ABOUT THIS TASK: Using the data below, set down every line from the one containing "Футболка мужская из" through the one containing "鱼形图案是本案设计的亮点之一", inclusive and unchanged. Pictures are to be skipped.

Dataset items:
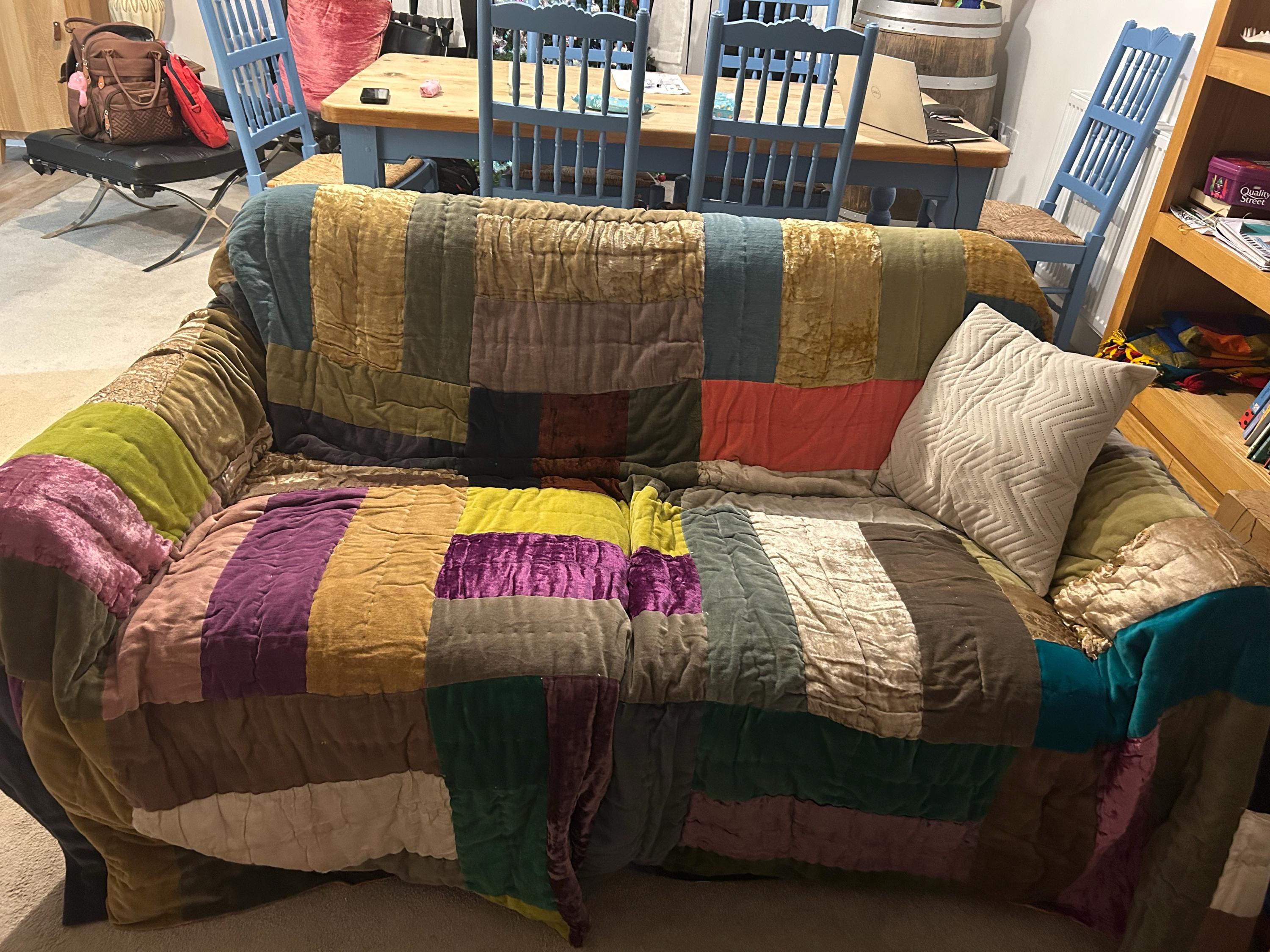 Hand Stitched Velvet Patchwork Quilt: Reversible Cotton Queen Bedding
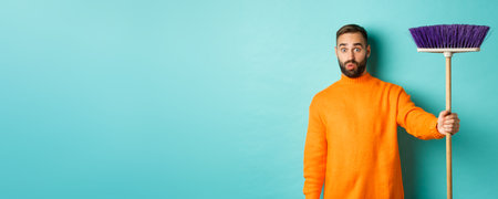 Shocked man receiving broom to do house chores, looking confused, standing over light blue background
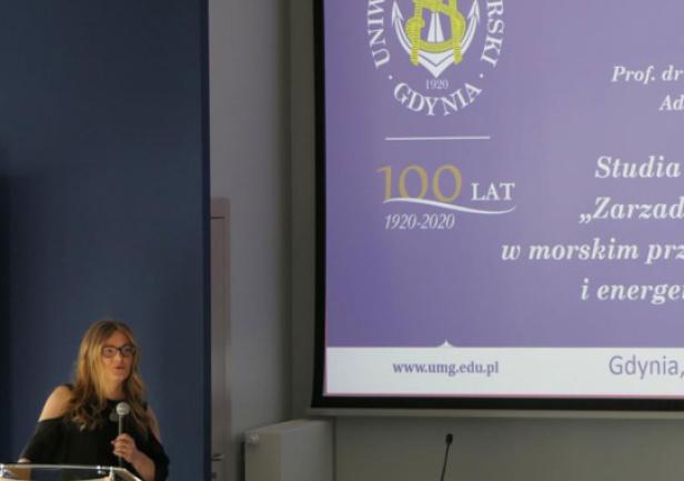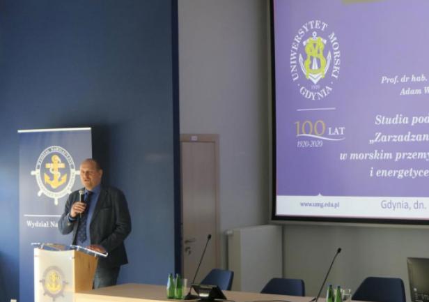 Słuchaczy przywitali: dziekan Wydziału Nawigacyjnego dr hab. inż. Tomasz Neumann prof. UMG oraz kierownik studiów dr hab. Agnieszka Blokus-Dziula prof. UMG. Swoje wystąpienia wygłosili również JM Rektor UMG prof. dr hab. inż. kpt. ż.w. Adam Weintrit oraz Prezes Zarządu PGE Baltica Dariusz Lociński.
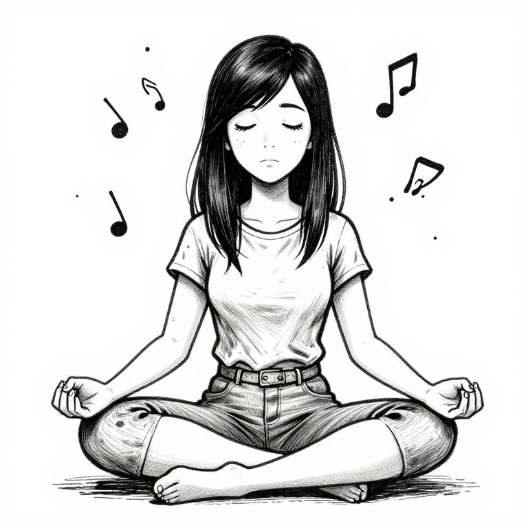 Black and white digital drawing of an Asian woman with straight, shoulder-length black hair, sitting cross-legged in a meditation pose. She wears a plain t-shirt and knee-length shorts, with eyes closed and a serene expression. Musical notes surround her head, indicating she is listening to music. The background is entirely white, making the subject and musical notes stand out. The style is reminiscent of manga or comic art, with clean lines and minimal shading. The woman's hands rest on her knees, palms facing upward.
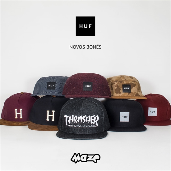 Mais novidades HUF disponível! São os famosos bonés exclusivos da marca com modelos de 5 panel, strapback e snapback. A Maze recebeu os mais variados modelos com estampas e tecidos especiais como por exemplo o de lã e o incrível plantlife refletivo! Um dos maiores destaques da coleção é o snapback parte da collab entre HUF x Thrasher que chega em denim! Garanta mais um para sua coleção!
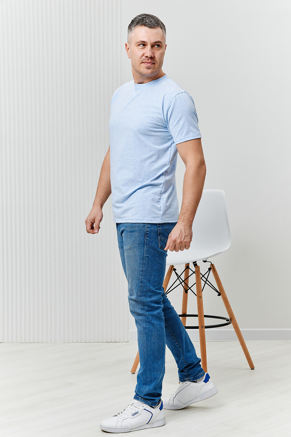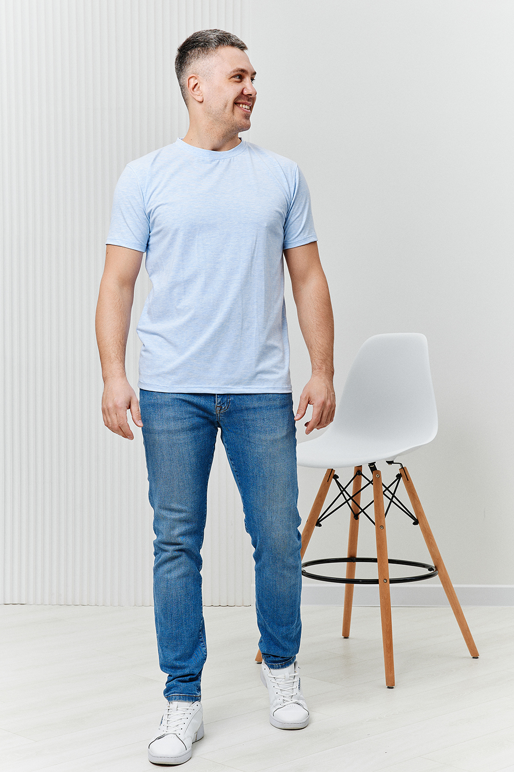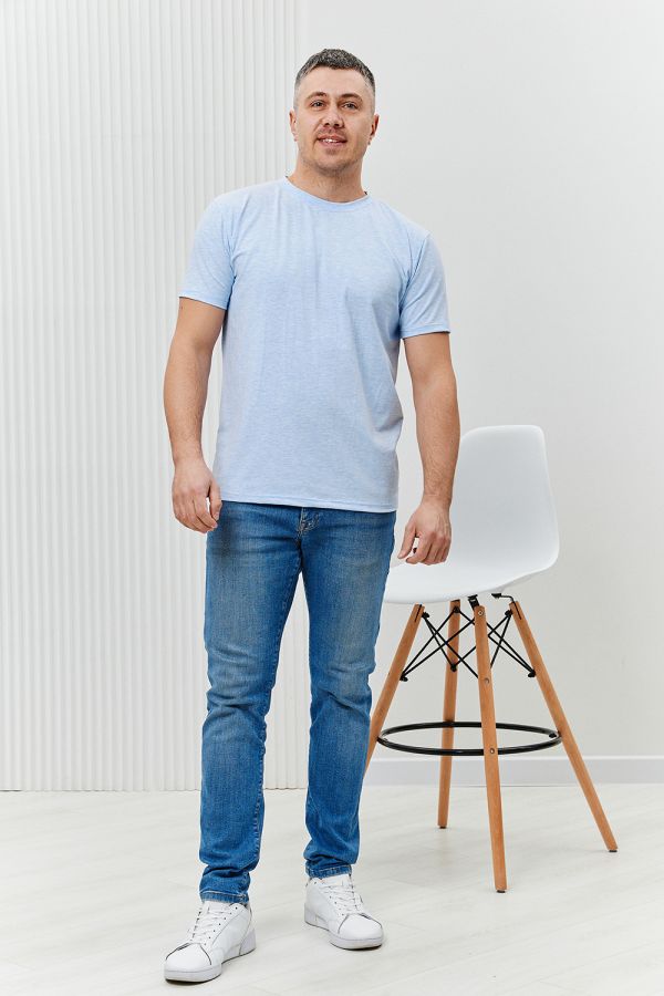 Футболка мужская из кулирки с лайкрой с круглым вырезом. Горловина обработана бейкой из основной ткани, рукав подшит. Футболка очень комфортная, прекрасно подойдет как для дома, так и для отдыха и прогулок.
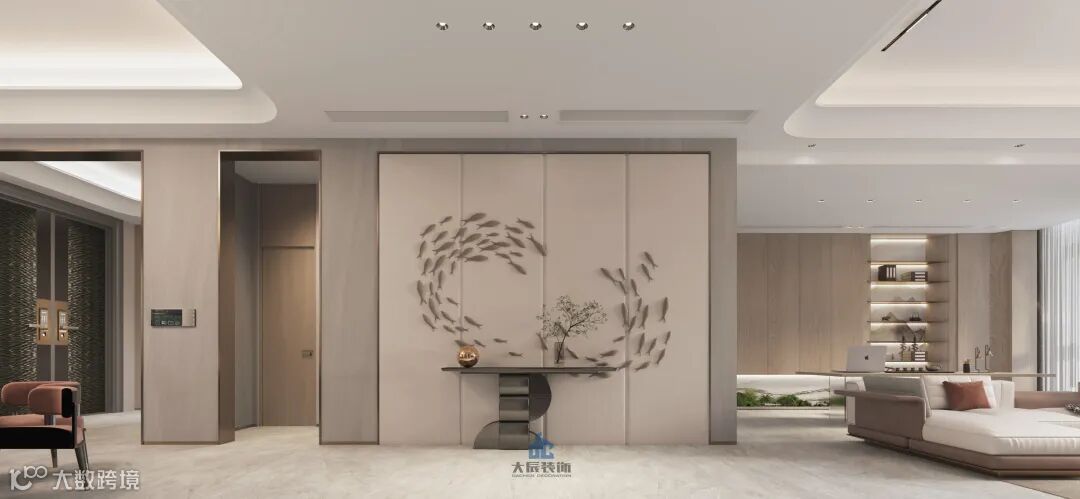 鱼形图案是本案设计的亮点之一,与整个空间的简约风格形成了一种对比,增添了空间的趣味性和层次感。鱼作为水的象征,寓意着流动、变化和生机,与现代生活的快节奏和变化多端相呼应。
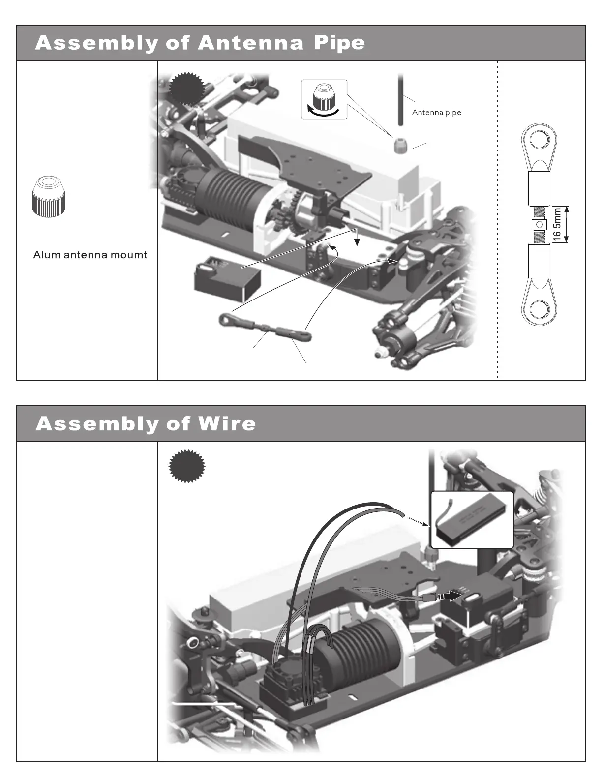 Ofna Racing HYPER10-TT - Electric Version Antenna and Wiring; Antenna Pipe and Mount Installation; Electrical Wire Routing and Connection
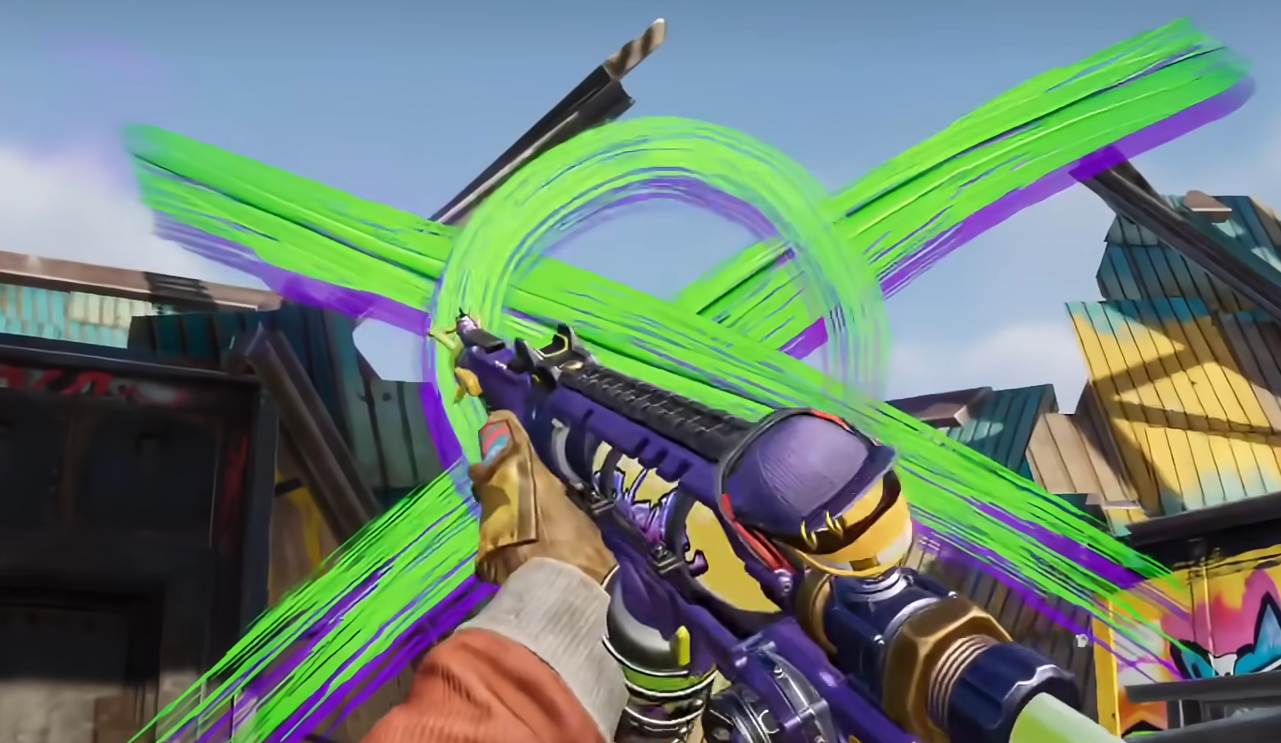 第二类为等级解锁型付费皮肤——转盘AK主题款。该皮肤需满足两个前置条件:角色等级达到9级,并完成对应主线任务链。达成后可通过商城转盘系统进行抽取。枪身主色调为深紫渐变,融合街头涂鸦风格与可动式表情公仔组件;转动时触发粒子特效,可在环境中生成短暂可视轨迹标记,兼具功能性与表现力。
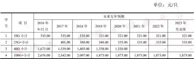 (光模块产品销售均价预测,资料来源:中际旭创公告)
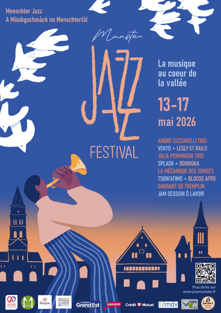 L’Association Jazz Festival Munster organise pour la 38ème édition de son Festival, son deuxième «Tremplin» destiné à la promotion des artistes émergents. Il est ouvert aux artistes de tous âges et basés sur la région Grand Est et alentours. La participation au tremplin est bénévole. Le groupe lauréat remporte la somme de 500 euros et s’engage à se produire en concert dans le In du festival Jazz à Munster, le 14 mai 2026.
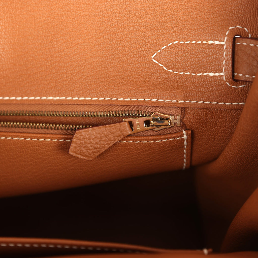 This Birkin is in Gold togo leather with gold hardware and features contrast stitching, front flap, two straps with center toggle closure, clochette with lock and two keys, and double rolled handles.The interior is lined with Gold chevre leather and has a zip pocket with an Hermes engraved zipper pull and an open pocket on the opposite side.Collection: Q Square (2013)Origin: FranceCondition: Pre-owned; Mint – This bag retains its shape structure. There is partial plastic on the hardware. The exposed turnlock, turnlock plate, and pontets have hairline scratches while the exposed lock and feet have more noticeable scratches present. The exterior leather is clean with no signs of wear. The interior leather has a few very faint marks to the base but is otherwise clean with minimal signs of wear.Accompanied by: Hermes box (pre-owned), Hermes dustbag, clochette, lock, two keys, carebookMeasurements: 11.75″ width x 9.5″ height x 6″ depth; 4.25″ handle drop
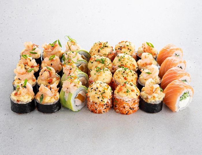 Собрали в одном наборе самые сливки нашего меню! Классическая Филадельфия, которая покоряет своей нежностью, необычная экзотика в виде ролла со спелым манго и три безусловных любимца среди запеченных роллов. Идеальное решение, когда хочется попробовать только лучших из лучших!
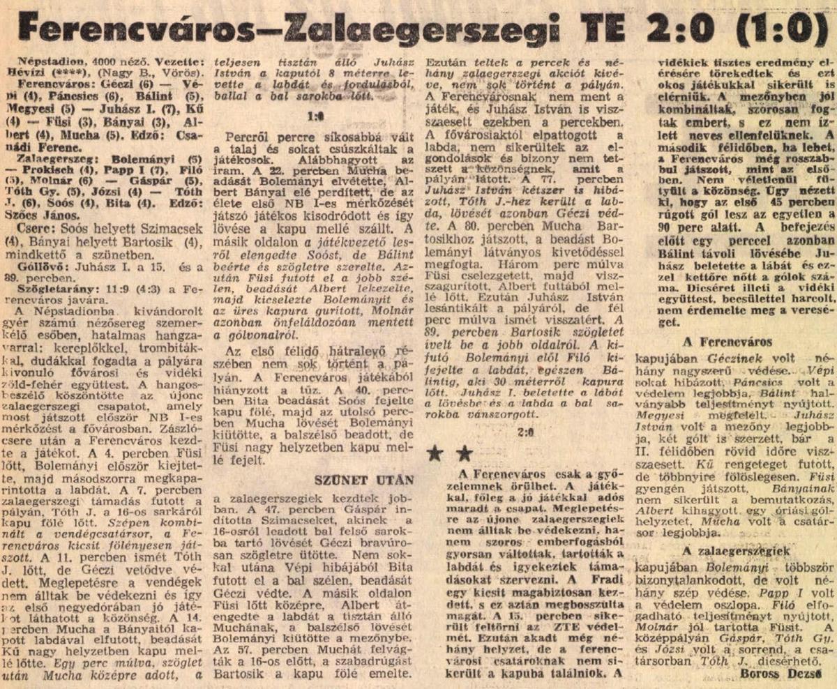 1972.X.8. Ferencváros – ZTE 2:0
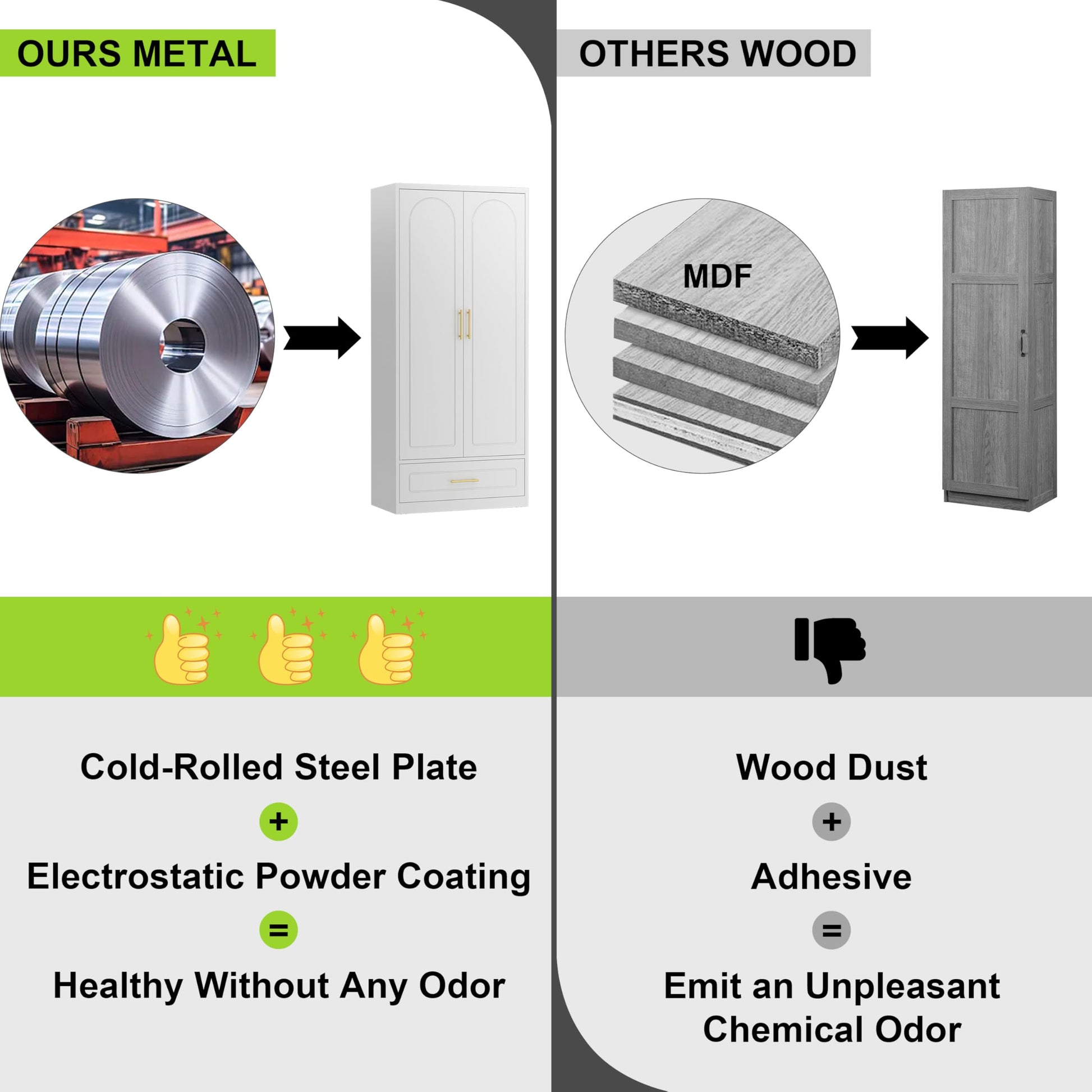 - MATERIAL: UNICOLY Wardrobe closet is crafted from cold-rolled steel plate (SPCC), ensuring it is sturdy and durable. Steel plates are covered with an environmentally friendly powder coating. Compared to traditional wooden or plastic cabinets, Large wardrobe closet are corrosion-resistant, easy to clean and odourless

ANSWER FOR THE TASK:
 Футболка мужская из кулирки с лайкрой с круглым вырезом. Горловина обработана бейкой из основной ткани, рукав подшит. Футболка очень комфортная, прекрасно подойдет как для дома, так и для отдыха и прогулок.
 鱼形图案是本案设计的亮点之一,与整个空间的简约风格形成了一种对比,增添了空间的趣味性和层次感。鱼作为水的象征,寓意着流动、变化和生机,与现代生活的快节奏和变化多端相呼应。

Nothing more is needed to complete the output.